Angin pergi untuk mencari cara agar batang pohon bisa menjadi bersih lagi, di atas kota yang lain angin bertemu dengan mendung tebal, maka ide muncul dalam benak angin untuk mengajak awan kekota dimana tempat pohon berada.
“Hai awan, wah sudah siap menguyur kota ya?”
“Bukan, kebetulan dirimu kesini angin, aku dalam perjalanan kedesa, mereka butuh air untuk sawah mereka. Maka antarkan aku segera kesana.”
“Wah, sebenarnya aku juga butuh bantuanmu awan. Temanku pohon dikota sebelah ingin membersihkan tubuhnya dari tempelan-tempelan poster partai, dengan bantuanmu pasti bisa.”
“Bagaimana ini, sepertinya kamu harus mengantarkan aku dulu setelah itu kamu kedesa yang sudah banjir disana ada awan yang lebih tebal dariku nah minta tolonglah pada dia.”
Setelah selesai berunding angin setuju dengan usulan awan dan segera mengantarka awan ketempat yang dituju.
“Terimakasih angin, sekarang carilah desa tak jauh dari sini.”
“Aku akan mencarinya, terimakasih petunjuknya.”
Mereka mengucapkan kata perpisahan, angin bertiup kencang mempercepat pencariannya tak kuasa dia melihat pohon-pohon itu tiap hari bertambah kotor, ada saja ulah manusia. Mungkin karena mereka tiada mngerti bahasa alam, padahal jika manusia mau cermat kejadian-kejadian alam yang terjadi sudah bukti kalau alam telah bicara pada manusia.
Senyum membias dibibir angin ketika bertemu awan, awan yang sangat hitam dan sepertinya siap untuk menurunkan hujan.
“Angin ada apa gerangan, senyummu itu tak dapat ku artikan.”
“Aku perlu bantuanmu, untuk menolong pohon temanku.”
“menolong bagaimana?”
“Sambil jalan kita bicarakan bagaimana, kau tak perlu lagi menghujani desa ini, kasihan sudah banjir. Saatnya manusia kota yang merasakannya.”
Awan hanya menurut pada angin sepanjang perjalanan angin bercerita tentang kehidupan kota dan calon pemimpin yang sedang berkampanye menggunkan pohon-pohon sebagai media penyebar informasi, karena memang pohon tak membutuhkan komisi seperti ketika mereka berkampanye lewat televisi, radio, atau surat kabar.
“O... begitu ceritanya, memang mereka perlu kita beri peringatan, apa kamu pernah tahu orang dalam gambar poster itu?”
“Tentu saja pernah, ketika mereka sedang mengebu-gebu mempengaruhi masyarakat agar memilih mereka.”
“Pasti banyak janji yang diucapakan.”
“Benar janjinya selalu yang muluk-muluk padahal yang hal kecil seperti memperhatikan sebuah pohon saja tidak dijalani, bagaimana mau melakukan hal yang besar?”
“Politik adalah proses pembentukan dan pembagian kekuasaan dalam masyarakat yang antara lain berwujud proses pembuatan keputusan, kalau keputusan melakukan kampanye saja sudah salah ya mau dibawa kemana keputusan setelah menang nanti.”
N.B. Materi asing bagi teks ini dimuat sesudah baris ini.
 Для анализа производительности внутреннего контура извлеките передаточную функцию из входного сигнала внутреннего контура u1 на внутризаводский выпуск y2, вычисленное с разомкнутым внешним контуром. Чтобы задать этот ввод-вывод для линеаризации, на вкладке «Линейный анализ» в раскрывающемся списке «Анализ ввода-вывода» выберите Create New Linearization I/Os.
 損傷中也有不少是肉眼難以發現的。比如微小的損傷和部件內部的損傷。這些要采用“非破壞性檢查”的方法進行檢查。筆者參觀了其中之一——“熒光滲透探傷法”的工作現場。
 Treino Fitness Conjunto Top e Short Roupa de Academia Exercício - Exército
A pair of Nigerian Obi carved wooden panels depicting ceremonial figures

“Aku kurang tahu juga masalah politik yang sebenarnya dan aku juga malas untuk mengetahuinya.”
Sementara pohon sudah tidak sabar menunggu datangnya angin, untuk segera membersihkan dirinya. Surya semakin terik menyinari, lalu lintas begitu semrawut dengan mobil kampanye, bendera terus berkibar tanpa lelah. Sepertinya bangga di perhatikan tiap orang melewati jalan itu. Namun tidak begitu yang dialami pohon, tiap ada orang lewat membawa pesan yang tertera dalam poster dan melihat gambarnya, pohon cemburu karena orang-orang tak mengagumi kegagahannya. Tak berterimakasih padanya karenanya perjalanannya tak terkena panas, kotanya tak kena banjir karena akarnya menyerap air hujan.
Manusia telah lalai dengannya.
“Kemana angin mencari awan? Kenapa begitu lama?”
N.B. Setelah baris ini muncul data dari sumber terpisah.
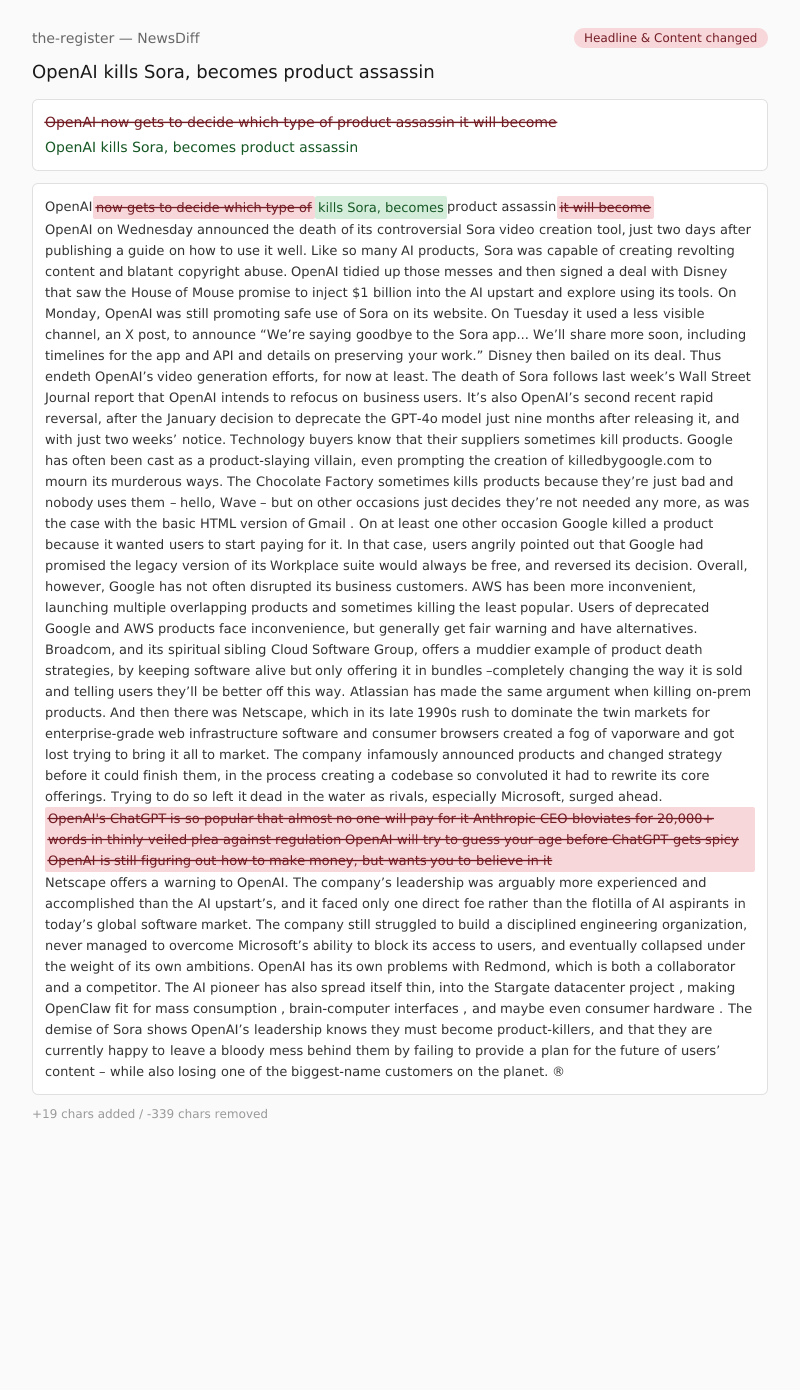 The demise of Sora shows OpenAI’s leadership knows they must become product-killers, and that they are currently happy to leave a bloody mess behind them by failing to provide a plan for the future of users’ content – while also losing one of the biggest-name customers on the planet. ®

“Sabar mungkin dalam perjalanan.”
Dalam kekesalannya terhadap manusia mereka tetap mengistimewakan bapak tua tukang sapu, yang tetap semangat menyirami pohon dan tanaman kota lainnya. Tiba-tiba angin bertiup kencang bersama awan hitam yang seketika membuat gelap kota, penguna jalan kaget akan perubahan cuaca yang begitu mendadak.
“Memang musim tak lagi dapat ditebak.” Kata salah satu pengendara motor
Pohon menyambut kedatangan angin dan awan dengan suka cita,
“Sekarang apa mau kalian pohon?” Tanya angin
“Kami ingin turun hujan dan membersihkan tubuh kami sekaligus memberi sedikit peringatan pada manusia-manusia.”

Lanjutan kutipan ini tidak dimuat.